In order to quantify the possible impact of increased bargaining leverage, the Commission used a calibrated bargaining model, which predicted a substantial post-merger increase in licensing fees. In applying this model, the Commission was able to rely on empirical estimates of the likely switching rates that would result from a potential blackout. These estimates were based on: (1) the parties’ own internal estimates of likely customer switching after a blackout, and (2) measured departure rates following a contemporaneous natural experiment, since Telia had recently made the distribution of some premium sports content exclusive on its network.

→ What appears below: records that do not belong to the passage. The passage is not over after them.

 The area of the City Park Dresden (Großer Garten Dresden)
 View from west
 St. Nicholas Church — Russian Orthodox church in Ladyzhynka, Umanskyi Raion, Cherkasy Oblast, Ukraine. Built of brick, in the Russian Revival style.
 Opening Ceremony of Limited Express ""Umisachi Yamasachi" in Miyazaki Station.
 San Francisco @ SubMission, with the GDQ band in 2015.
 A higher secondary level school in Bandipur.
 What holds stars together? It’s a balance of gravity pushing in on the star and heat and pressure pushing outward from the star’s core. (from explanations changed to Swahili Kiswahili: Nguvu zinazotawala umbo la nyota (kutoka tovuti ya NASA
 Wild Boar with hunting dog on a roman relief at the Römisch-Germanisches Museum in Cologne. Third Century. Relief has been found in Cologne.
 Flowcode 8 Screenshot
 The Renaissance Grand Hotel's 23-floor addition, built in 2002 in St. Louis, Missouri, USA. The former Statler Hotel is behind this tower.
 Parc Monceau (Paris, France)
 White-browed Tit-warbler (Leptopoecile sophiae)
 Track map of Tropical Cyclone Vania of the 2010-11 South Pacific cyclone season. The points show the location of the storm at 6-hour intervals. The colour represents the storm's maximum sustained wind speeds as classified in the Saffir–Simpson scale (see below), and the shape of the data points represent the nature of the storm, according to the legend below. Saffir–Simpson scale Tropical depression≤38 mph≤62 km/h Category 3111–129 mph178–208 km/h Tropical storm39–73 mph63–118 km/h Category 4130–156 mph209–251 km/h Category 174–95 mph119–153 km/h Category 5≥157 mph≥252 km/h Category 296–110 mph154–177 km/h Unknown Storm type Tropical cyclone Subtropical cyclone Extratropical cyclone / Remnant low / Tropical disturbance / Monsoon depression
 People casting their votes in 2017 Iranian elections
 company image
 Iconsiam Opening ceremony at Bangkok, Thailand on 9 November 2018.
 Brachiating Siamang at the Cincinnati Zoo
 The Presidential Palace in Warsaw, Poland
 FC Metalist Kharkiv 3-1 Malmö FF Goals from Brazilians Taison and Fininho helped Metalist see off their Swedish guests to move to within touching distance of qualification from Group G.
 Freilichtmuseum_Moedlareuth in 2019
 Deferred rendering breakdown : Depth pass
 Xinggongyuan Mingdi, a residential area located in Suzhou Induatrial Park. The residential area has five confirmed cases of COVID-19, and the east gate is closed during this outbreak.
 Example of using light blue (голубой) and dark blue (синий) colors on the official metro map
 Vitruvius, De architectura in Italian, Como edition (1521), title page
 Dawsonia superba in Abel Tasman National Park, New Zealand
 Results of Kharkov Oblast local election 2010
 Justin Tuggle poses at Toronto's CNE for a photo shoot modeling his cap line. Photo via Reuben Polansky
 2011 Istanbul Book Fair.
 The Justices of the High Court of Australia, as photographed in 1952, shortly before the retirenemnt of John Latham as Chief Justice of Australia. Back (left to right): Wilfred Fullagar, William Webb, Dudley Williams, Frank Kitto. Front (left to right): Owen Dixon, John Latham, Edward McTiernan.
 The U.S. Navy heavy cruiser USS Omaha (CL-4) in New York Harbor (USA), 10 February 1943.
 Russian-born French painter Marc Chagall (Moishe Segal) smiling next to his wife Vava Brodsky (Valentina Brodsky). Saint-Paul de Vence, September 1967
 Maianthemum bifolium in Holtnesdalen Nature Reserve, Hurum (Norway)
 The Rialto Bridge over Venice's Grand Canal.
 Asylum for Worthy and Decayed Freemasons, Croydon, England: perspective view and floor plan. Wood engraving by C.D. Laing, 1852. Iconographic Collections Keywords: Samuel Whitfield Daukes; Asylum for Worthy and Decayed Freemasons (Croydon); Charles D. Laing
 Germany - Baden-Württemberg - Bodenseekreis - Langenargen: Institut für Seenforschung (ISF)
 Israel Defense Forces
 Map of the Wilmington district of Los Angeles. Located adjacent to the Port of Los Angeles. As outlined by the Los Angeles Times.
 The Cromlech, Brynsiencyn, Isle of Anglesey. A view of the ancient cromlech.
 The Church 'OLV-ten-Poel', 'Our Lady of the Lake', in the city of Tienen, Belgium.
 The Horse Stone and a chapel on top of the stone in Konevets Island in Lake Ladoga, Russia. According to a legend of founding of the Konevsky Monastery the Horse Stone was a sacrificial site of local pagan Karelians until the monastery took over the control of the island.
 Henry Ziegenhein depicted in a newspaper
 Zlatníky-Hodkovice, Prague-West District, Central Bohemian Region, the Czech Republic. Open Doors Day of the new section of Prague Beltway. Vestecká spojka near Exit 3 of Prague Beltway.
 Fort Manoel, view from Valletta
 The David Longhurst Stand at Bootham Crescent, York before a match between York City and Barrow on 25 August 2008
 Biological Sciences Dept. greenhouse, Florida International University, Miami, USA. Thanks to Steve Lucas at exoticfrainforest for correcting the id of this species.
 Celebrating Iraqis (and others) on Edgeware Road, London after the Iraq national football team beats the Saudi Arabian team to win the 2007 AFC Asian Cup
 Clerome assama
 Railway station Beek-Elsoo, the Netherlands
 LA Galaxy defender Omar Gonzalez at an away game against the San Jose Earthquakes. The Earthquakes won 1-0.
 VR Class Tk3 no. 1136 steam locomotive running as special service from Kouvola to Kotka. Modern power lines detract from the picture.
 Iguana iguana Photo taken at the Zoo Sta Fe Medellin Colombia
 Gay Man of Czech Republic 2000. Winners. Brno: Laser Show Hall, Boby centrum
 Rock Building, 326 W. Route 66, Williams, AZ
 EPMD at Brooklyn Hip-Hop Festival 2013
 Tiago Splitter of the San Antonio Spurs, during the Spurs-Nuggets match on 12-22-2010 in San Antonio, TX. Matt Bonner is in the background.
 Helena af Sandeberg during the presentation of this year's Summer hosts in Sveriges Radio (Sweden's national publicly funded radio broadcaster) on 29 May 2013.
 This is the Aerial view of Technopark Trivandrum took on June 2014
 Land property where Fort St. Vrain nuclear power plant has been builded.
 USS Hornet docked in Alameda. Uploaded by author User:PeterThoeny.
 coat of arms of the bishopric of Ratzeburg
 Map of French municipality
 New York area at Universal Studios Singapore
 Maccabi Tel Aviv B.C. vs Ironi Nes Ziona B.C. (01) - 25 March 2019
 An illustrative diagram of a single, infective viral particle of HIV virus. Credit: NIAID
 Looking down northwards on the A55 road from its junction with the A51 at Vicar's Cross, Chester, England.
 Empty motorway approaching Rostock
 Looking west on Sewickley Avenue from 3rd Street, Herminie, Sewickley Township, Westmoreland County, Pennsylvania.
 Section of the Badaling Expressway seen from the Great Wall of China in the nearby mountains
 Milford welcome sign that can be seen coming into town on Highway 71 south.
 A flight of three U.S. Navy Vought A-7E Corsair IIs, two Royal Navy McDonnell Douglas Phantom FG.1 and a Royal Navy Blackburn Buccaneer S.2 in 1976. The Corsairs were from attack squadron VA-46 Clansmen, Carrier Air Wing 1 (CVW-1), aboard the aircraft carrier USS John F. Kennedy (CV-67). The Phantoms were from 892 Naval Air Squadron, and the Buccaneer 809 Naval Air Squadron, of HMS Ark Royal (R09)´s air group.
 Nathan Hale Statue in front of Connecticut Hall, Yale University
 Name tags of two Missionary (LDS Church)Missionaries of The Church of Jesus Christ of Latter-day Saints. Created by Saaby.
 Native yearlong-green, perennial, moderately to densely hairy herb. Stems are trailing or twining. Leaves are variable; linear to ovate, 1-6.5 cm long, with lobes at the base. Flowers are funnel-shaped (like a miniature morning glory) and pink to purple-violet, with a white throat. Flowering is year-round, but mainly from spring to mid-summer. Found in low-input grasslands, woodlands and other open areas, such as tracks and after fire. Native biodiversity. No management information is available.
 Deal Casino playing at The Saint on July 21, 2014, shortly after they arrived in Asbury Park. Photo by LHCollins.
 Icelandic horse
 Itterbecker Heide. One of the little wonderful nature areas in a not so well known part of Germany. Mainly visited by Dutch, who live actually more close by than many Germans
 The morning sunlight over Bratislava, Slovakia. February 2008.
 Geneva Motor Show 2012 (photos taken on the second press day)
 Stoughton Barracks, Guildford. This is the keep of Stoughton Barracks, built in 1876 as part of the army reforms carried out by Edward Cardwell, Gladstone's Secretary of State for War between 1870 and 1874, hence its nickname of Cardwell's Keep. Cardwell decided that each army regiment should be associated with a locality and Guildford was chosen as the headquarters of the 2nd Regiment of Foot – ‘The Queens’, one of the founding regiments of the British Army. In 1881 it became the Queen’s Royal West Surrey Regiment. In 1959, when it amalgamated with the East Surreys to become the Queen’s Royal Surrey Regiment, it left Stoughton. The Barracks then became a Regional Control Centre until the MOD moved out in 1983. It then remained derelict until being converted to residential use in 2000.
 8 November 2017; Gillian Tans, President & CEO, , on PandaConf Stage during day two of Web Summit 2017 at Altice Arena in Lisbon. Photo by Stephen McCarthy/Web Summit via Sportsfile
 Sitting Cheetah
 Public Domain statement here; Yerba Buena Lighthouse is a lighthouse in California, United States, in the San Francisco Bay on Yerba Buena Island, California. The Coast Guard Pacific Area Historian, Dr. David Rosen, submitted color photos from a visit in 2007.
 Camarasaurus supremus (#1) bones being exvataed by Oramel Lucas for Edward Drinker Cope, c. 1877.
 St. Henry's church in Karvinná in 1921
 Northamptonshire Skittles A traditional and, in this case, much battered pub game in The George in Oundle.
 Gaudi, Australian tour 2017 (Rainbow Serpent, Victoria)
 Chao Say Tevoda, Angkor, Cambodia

As was mentioned above, this case was cleared subject to significant access remedies.


Wieland/Aurubis concerned the proposed merger of two copper producers with both vertical and horizontal links. Concretely, Wieland set out to acquire Aurubis’s downstream rolled copper operations, which led to standard horizontal overlaps. Moreover, Wieland planned to take sole control of Schwermetall, an upstream joint venture with Aurubis that provided pre-rolled strip (an input) to both firms and also to downstream competitors.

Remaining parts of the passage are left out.